Instructions for the task: Find the line below with "为深入开展党纪学习教育,根据" and the line with "Ремень выполнен из". Output them and the lines between, exactly, but not the pictures.

Data to process:
● ● ●

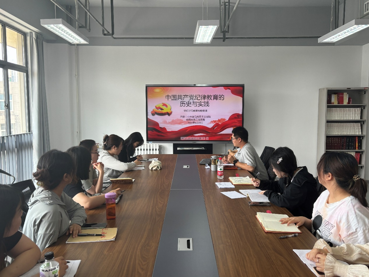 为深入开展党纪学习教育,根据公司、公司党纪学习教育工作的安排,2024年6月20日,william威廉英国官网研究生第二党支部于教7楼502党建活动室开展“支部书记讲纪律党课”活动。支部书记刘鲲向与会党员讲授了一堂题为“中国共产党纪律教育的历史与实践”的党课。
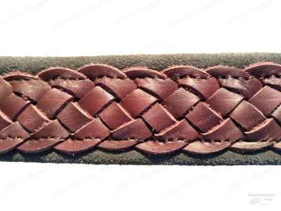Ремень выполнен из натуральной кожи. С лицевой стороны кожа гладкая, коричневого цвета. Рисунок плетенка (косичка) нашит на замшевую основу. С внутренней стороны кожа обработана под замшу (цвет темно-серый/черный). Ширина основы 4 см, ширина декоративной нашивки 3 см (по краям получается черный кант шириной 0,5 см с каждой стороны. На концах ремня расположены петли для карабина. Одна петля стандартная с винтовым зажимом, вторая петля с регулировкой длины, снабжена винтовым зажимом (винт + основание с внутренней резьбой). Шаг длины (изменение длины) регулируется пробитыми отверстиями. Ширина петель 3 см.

● ● ●

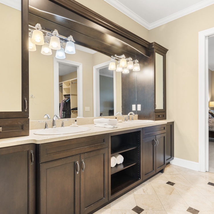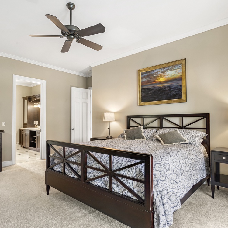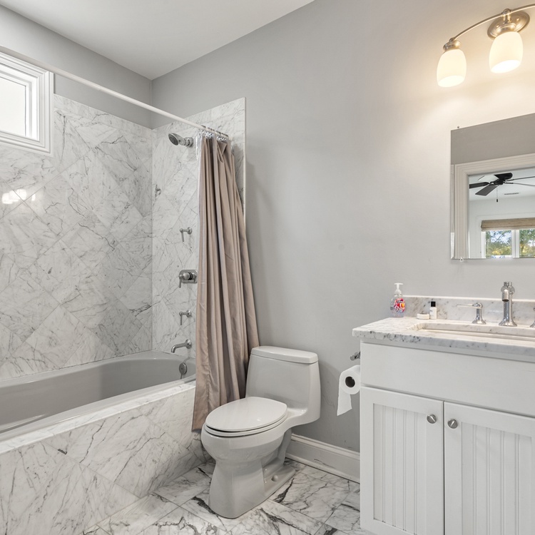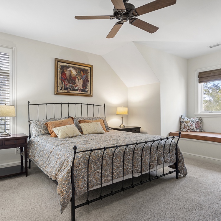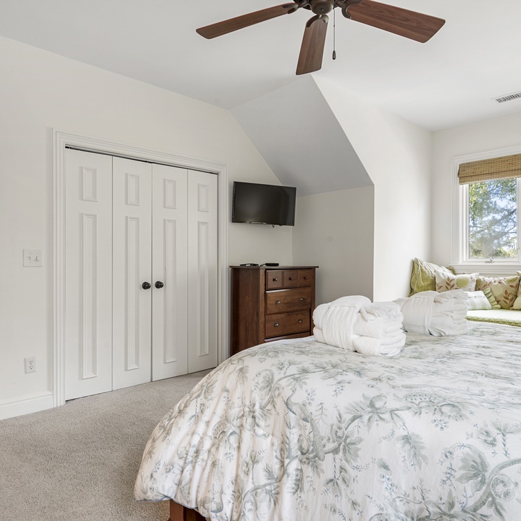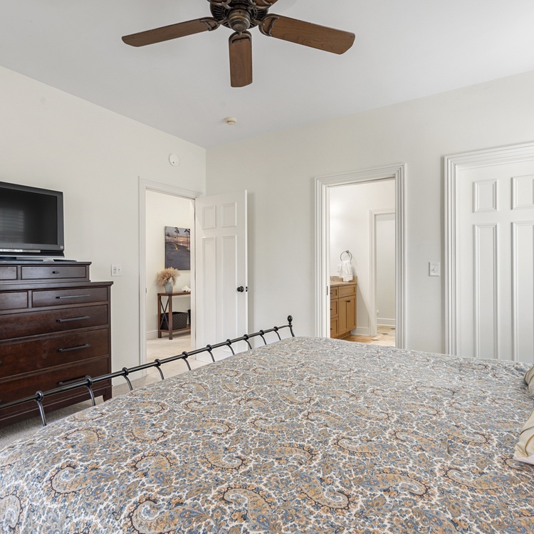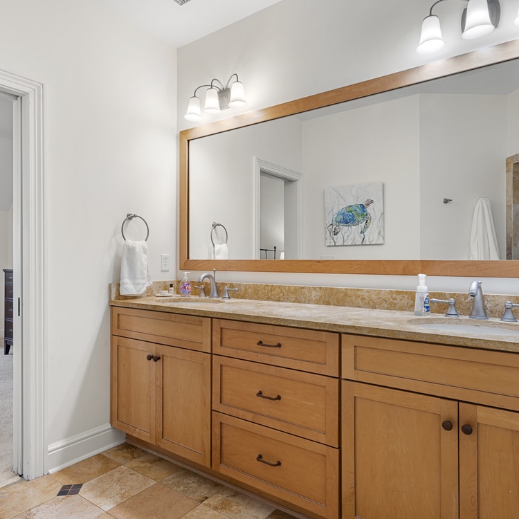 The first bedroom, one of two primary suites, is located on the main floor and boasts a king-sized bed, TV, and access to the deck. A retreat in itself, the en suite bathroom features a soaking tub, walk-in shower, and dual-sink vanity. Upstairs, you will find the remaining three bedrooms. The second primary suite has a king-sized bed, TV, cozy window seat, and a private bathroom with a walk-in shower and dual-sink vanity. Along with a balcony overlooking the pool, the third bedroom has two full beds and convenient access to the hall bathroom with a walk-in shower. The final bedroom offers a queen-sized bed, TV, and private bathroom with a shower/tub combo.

● ● ●

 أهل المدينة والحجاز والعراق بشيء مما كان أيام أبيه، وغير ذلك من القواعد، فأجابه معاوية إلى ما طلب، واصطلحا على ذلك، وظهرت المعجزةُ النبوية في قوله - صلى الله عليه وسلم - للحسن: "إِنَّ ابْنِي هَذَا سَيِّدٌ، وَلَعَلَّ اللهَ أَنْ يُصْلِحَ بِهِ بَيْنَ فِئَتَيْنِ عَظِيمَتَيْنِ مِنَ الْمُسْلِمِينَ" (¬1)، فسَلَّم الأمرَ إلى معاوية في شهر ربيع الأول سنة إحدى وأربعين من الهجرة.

● ● ●

Output of the task:
 为深入开展党纪学习教育,根据公司、公司党纪学习教育工作的安排,2024年6月20日,william威廉英国官网研究生第二党支部于教7楼502党建活动室开展“支部书记讲纪律党课”活动。支部书记刘鲲向与会党员讲授了一堂题为“中国共产党纪律教育的历史与实践”的党课。
Ремень выполнен из натуральной кожи. С лицевой стороны кожа гладкая, коричневого цвета. Рисунок плетенка (косичка) нашит на замшевую основу. С внутренней стороны кожа обработана под замшу (цвет темно-серый/черный). Ширина основы 4 см, ширина декоративной нашивки 3 см (по краям получается черный кант шириной 0,5 см с каждой стороны. На концах ремня расположены петли для карабина. Одна петля стандартная с винтовым зажимом, вторая петля с регулировкой длины, снабжена винтовым зажимом (винт + основание с внутренней резьбой). Шаг длины (изменение длины) регулируется пробитыми отверстиями. Ширина петель 3 см.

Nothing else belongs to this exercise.